What to produce:
For each entry, output its words exactly and leave any picture behind.

Records from a data collection
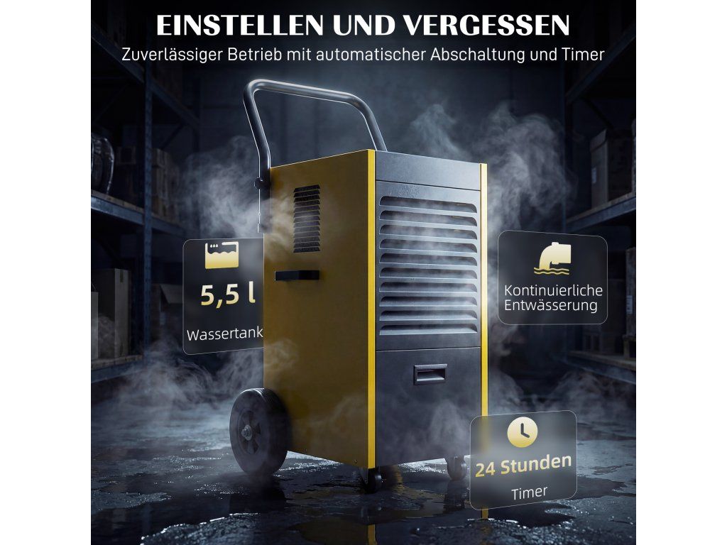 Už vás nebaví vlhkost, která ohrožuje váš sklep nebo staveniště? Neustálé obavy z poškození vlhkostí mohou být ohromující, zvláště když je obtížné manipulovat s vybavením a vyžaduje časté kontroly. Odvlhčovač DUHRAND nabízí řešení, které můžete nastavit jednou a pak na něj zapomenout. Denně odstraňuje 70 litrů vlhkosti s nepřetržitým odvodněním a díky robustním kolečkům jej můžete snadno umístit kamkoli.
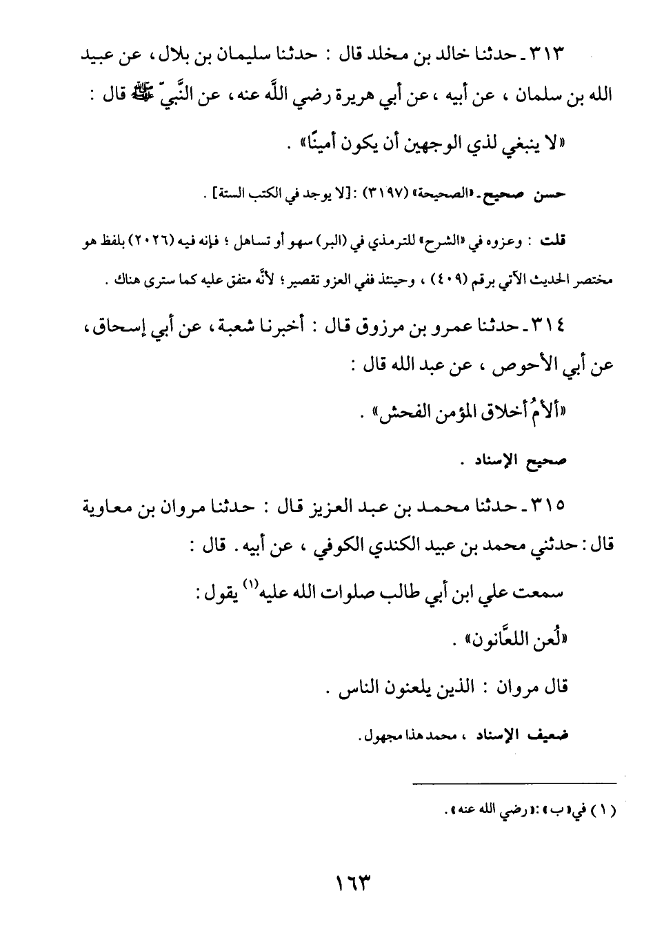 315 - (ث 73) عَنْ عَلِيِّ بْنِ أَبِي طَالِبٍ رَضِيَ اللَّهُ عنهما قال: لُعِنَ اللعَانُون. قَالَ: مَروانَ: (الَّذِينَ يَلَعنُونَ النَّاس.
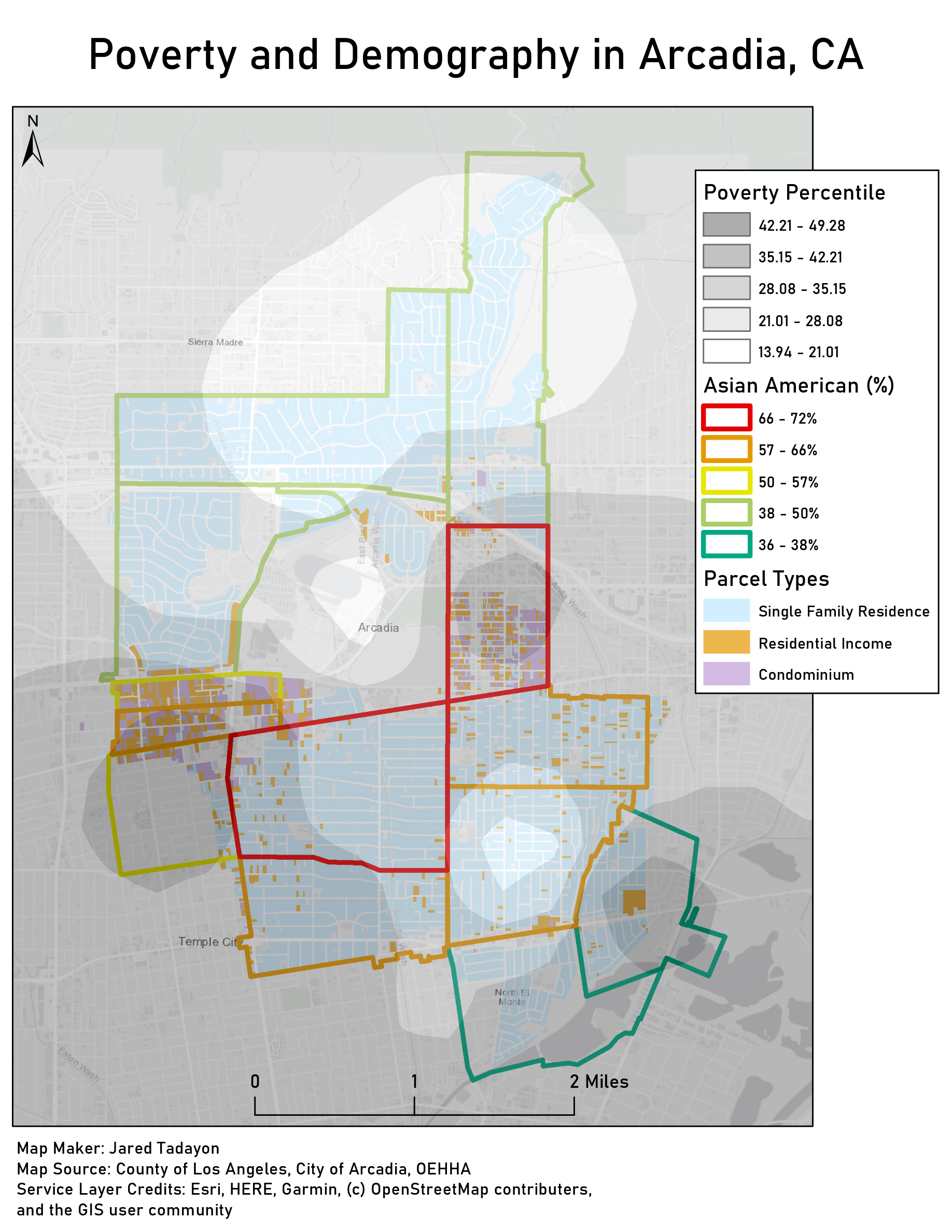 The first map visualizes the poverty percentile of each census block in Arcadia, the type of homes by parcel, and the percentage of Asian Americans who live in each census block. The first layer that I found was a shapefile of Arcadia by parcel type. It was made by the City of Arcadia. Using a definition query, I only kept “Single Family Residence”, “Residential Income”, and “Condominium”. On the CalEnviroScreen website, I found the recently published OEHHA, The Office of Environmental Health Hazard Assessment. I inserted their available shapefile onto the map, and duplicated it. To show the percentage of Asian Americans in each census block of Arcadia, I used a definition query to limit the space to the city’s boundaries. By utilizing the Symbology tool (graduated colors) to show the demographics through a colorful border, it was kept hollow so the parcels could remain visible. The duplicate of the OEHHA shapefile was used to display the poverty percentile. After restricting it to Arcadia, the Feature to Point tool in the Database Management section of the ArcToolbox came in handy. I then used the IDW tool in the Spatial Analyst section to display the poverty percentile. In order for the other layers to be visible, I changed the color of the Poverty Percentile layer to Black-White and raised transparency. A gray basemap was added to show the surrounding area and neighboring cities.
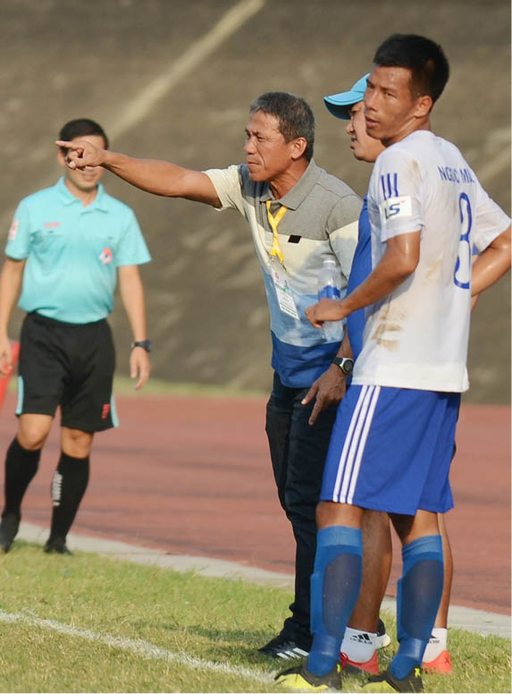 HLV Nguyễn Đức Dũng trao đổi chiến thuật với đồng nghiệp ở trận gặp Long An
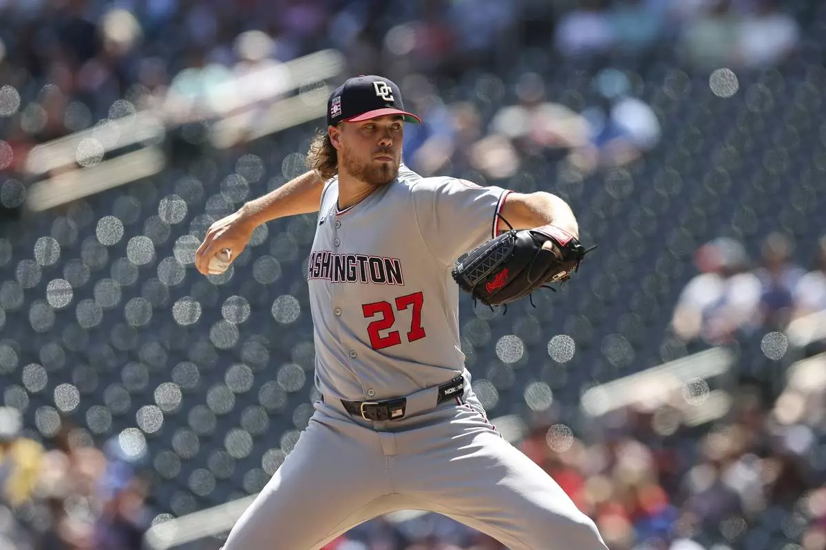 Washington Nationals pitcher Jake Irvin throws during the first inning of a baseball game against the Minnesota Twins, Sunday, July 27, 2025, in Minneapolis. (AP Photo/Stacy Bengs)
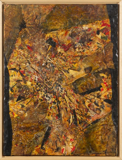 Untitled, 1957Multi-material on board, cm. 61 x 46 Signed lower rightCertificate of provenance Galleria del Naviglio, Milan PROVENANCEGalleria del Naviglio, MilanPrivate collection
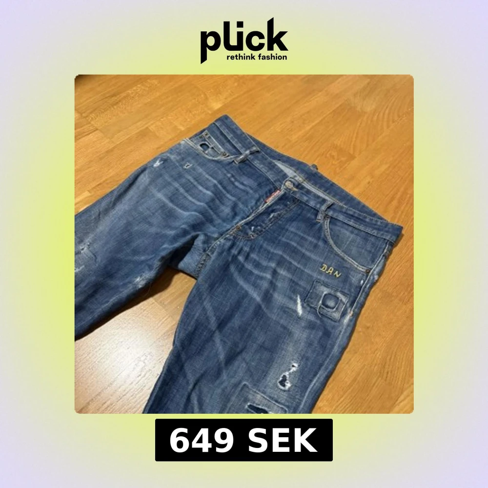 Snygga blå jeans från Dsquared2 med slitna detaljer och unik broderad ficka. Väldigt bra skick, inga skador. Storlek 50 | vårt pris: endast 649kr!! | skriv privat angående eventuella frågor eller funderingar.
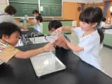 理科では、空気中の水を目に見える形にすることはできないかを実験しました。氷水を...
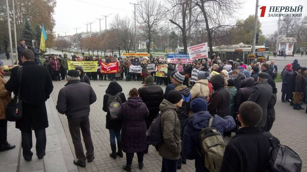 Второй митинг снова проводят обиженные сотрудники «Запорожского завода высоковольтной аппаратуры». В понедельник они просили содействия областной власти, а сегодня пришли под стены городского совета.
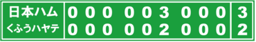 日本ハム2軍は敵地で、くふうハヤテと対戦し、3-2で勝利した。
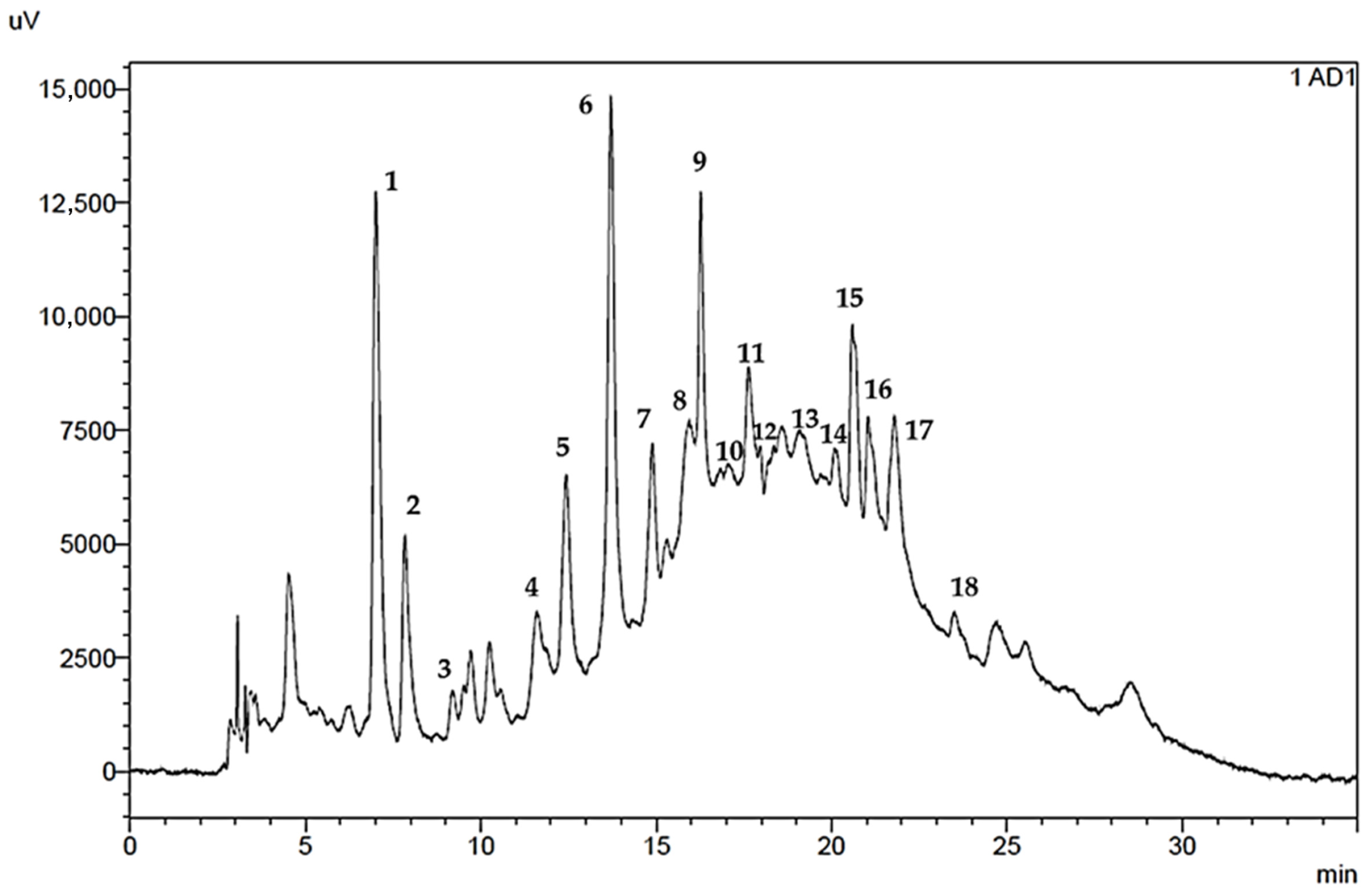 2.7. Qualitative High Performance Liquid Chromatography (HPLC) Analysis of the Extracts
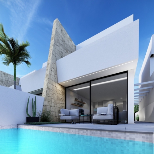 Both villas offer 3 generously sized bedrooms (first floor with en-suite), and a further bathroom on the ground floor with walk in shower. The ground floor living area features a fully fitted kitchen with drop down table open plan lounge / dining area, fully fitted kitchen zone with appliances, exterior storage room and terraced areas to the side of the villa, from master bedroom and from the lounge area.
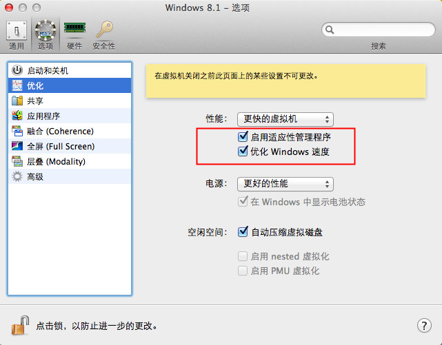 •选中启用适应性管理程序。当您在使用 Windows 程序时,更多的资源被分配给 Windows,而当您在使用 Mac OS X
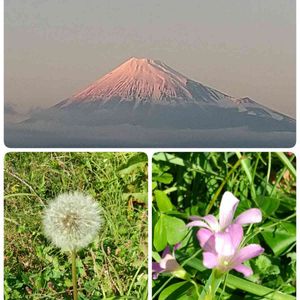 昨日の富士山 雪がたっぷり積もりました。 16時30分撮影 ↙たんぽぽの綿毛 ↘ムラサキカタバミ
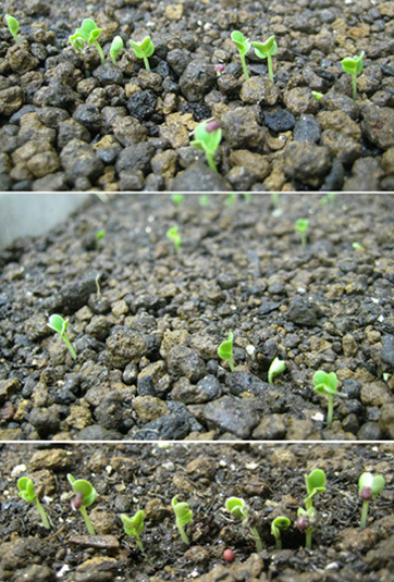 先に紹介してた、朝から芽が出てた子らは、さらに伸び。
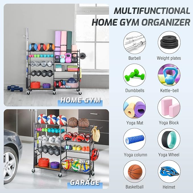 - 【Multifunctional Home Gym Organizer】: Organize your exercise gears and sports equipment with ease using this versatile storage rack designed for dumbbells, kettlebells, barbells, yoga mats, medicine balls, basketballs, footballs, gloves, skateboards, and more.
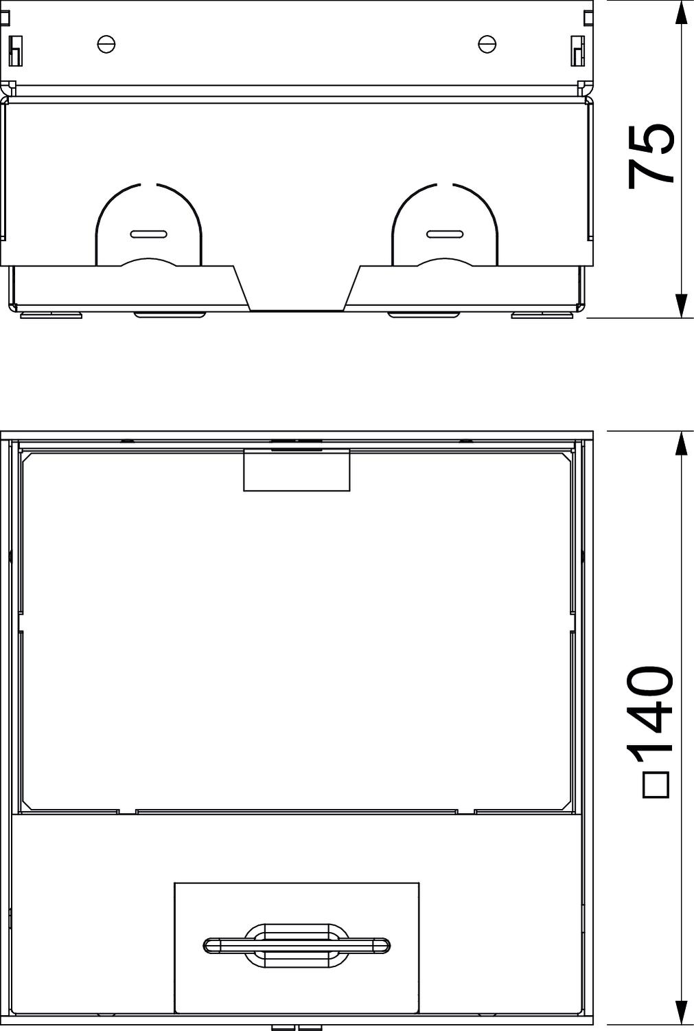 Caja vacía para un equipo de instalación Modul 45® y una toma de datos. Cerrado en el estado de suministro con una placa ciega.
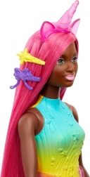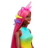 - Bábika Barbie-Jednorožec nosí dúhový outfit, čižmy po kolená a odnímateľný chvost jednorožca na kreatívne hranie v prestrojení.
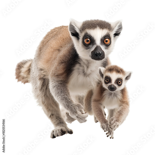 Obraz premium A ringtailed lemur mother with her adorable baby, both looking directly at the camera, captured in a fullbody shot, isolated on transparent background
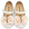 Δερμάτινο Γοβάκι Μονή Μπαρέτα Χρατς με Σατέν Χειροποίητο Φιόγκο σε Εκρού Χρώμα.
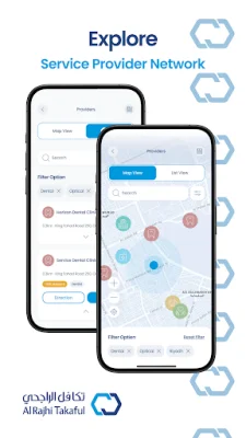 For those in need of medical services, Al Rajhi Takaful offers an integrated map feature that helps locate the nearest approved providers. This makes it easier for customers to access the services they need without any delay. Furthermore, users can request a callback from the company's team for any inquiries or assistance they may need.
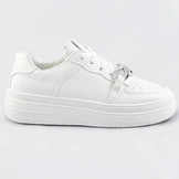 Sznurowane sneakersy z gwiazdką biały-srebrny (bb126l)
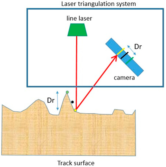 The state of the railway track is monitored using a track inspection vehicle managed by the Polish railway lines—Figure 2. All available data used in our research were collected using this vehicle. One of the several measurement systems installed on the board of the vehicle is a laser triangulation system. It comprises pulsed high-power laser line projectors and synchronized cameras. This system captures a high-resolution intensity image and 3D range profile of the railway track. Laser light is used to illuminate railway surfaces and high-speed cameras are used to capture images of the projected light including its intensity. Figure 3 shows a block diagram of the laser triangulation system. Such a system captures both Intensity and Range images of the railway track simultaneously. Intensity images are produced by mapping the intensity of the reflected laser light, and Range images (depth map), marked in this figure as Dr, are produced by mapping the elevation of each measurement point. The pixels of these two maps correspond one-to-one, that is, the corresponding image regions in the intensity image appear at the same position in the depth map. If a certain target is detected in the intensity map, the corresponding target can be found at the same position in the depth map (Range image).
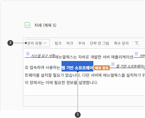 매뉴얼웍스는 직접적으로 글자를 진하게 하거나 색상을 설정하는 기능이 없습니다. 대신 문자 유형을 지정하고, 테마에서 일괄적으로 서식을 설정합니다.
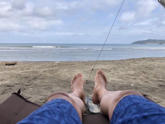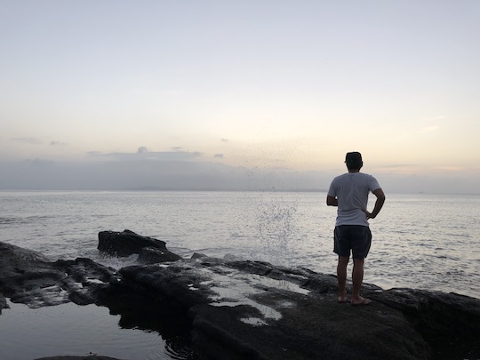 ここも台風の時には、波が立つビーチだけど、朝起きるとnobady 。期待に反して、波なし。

Solved problem:
 Už vás nebaví vlhkost, která ohrožuje váš sklep nebo staveniště? Neustálé obavy z poškození vlhkostí mohou být ohromující, zvláště když je obtížné manipulovat s vybavením a vyžaduje časté kontroly. Odvlhčovač DUHRAND nabízí řešení, které můžete nastavit jednou a pak na něj zapomenout. Denně odstraňuje 70 litrů vlhkosti s nepřetržitým odvodněním a díky robustním kolečkům jej můžete snadno umístit kamkoli.
 315 - (ث 73) عَنْ عَلِيِّ بْنِ أَبِي طَالِبٍ رَضِيَ اللَّهُ عنهما قال: لُعِنَ اللعَانُون. قَالَ: مَروانَ: (الَّذِينَ يَلَعنُونَ النَّاس.
 The first map visualizes the poverty percentile of each census block in Arcadia, the type of homes by parcel, and the percentage of Asian Americans who live in each census block. The first layer that I found was a shapefile of Arcadia by parcel type. It was made by the City of Arcadia. Using a definition query, I only kept “Single Family Residence”, “Residential Income”, and “Condominium”. On the CalEnviroScreen website, I found the recently published OEHHA, The Office of Environmental Health Hazard Assessment. I inserted their available shapefile onto the map, and duplicated it. To show the percentage of Asian Americans in each census block of Arcadia, I used a definition query to limit the space to the city’s boundaries. By utilizing the Symbology tool (graduated colors) to show the demographics through a colorful border, it was kept hollow so the parcels could remain visible. The duplicate of the OEHHA shapefile was used to display the poverty percentile. After restricting it to Arcadia, the Feature to Point tool in the Database Management section of the ArcToolbox came in handy. I then used the IDW tool in the Spatial Analyst section to display the poverty percentile. In order for the other layers to be visible, I changed the color of the Poverty Percentile layer to Black-White and raised transparency. A gray basemap was added to show the surrounding area and neighboring cities.
 HLV Nguyễn Đức Dũng trao đổi chiến thuật với đồng nghiệp ở trận gặp Long An
 Washington Nationals pitcher Jake Irvin throws during the first inning of a baseball game against the Minnesota Twins, Sunday, July 27, 2025, in Minneapolis. (AP Photo/Stacy Bengs)
 Untitled, 1957Multi-material on board, cm. 61 x 46 Signed lower rightCertificate of provenance Galleria del Naviglio, Milan PROVENANCEGalleria del Naviglio, MilanPrivate collection
 Snygga blå jeans från Dsquared2 med slitna detaljer och unik broderad ficka. Väldigt bra skick, inga skador. Storlek 50 | vårt pris: endast 649kr!! | skriv privat angående eventuella frågor eller funderingar.
 理科では、空気中の水を目に見える形にすることはできないかを実験しました。氷水を...
 Второй митинг снова проводят обиженные сотрудники «Запорожского завода высоковольтной аппаратуры». В понедельник они просили содействия областной власти, а сегодня пришли под стены городского совета.
 日本ハム2軍は敵地で、くふうハヤテと対戦し、3-2で勝利した。
 2.7. Qualitative High Performance Liquid Chromatography (HPLC) Analysis of the Extracts
 Both villas offer 3 generously sized bedrooms (first floor with en-suite), and a further bathroom on the ground floor with walk in shower. The ground floor living area features a fully fitted kitchen with drop down table open plan lounge / dining area, fully fitted kitchen zone with appliances, exterior storage room and terraced areas to the side of the villa, from master bedroom and from the lounge area.
 •选中启用适应性管理程序。当您在使用 Windows 程序时,更多的资源被分配给 Windows,而当您在使用 Mac OS X
 昨日の富士山 雪がたっぷり積もりました。 16時30分撮影 ↙たんぽぽの綿毛 ↘ムラサキカタバミ
 先に紹介してた、朝から芽が出てた子らは、さらに伸び。
 - 【Multifunctional Home Gym Organizer】: Organize your exercise gears and sports equipment with ease using this versatile storage rack designed for dumbbells, kettlebells, barbells, yoga mats, medicine balls, basketballs, footballs, gloves, skateboards, and more.
 Caja vacía para un equipo de instalación Modul 45® y una toma de datos. Cerrado en el estado de suministro con una placa ciega.
 - Bábika Barbie-Jednorožec nosí dúhový outfit, čižmy po kolená a odnímateľný chvost jednorožca na kreatívne hranie v prestrojení.
 Obraz premium A ringtailed lemur mother with her adorable baby, both looking directly at the camera, captured in a fullbody shot, isolated on transparent background
 Δερμάτινο Γοβάκι Μονή Μπαρέτα Χρατς με Σατέν Χειροποίητο Φιόγκο σε Εκρού Χρώμα.
 For those in need of medical services, Al Rajhi Takaful offers an integrated map feature that helps locate the nearest approved providers. This makes it easier for customers to access the services they need without any delay. Furthermore, users can request a callback from the company's team for any inquiries or assistance they may need.
 Sznurowane sneakersy z gwiazdką biały-srebrny (bb126l)
 The state of the railway track is monitored using a track inspection vehicle managed by the Polish railway lines—Figure 2. All available data used in our research were collected using this vehicle. One of the several measurement systems installed on the board of the vehicle is a laser triangulation system. It comprises pulsed high-power laser line projectors and synchronized cameras. This system captures a high-resolution intensity image and 3D range profile of the railway track. Laser light is used to illuminate railway surfaces and high-speed cameras are used to capture images of the projected light including its intensity. Figure 3 shows a block diagram of the laser triangulation system. Such a system captures both Intensity and Range images of the railway track simultaneously. Intensity images are produced by mapping the intensity of the reflected laser light, and Range images (depth map), marked in this figure as Dr, are produced by mapping the elevation of each measurement point. The pixels of these two maps correspond one-to-one, that is, the corresponding image regions in the intensity image appear at the same position in the depth map. If a certain target is detected in the intensity map, the corresponding target can be found at the same position in the depth map (Range image).
 매뉴얼웍스는 직접적으로 글자를 진하게 하거나 색상을 설정하는 기능이 없습니다. 대신 문자 유형을 지정하고, 테마에서 일괄적으로 서식을 설정합니다.
 ここも台風の時には、波が立つビーチだけど、朝起きるとnobady 。期待に反して、波なし。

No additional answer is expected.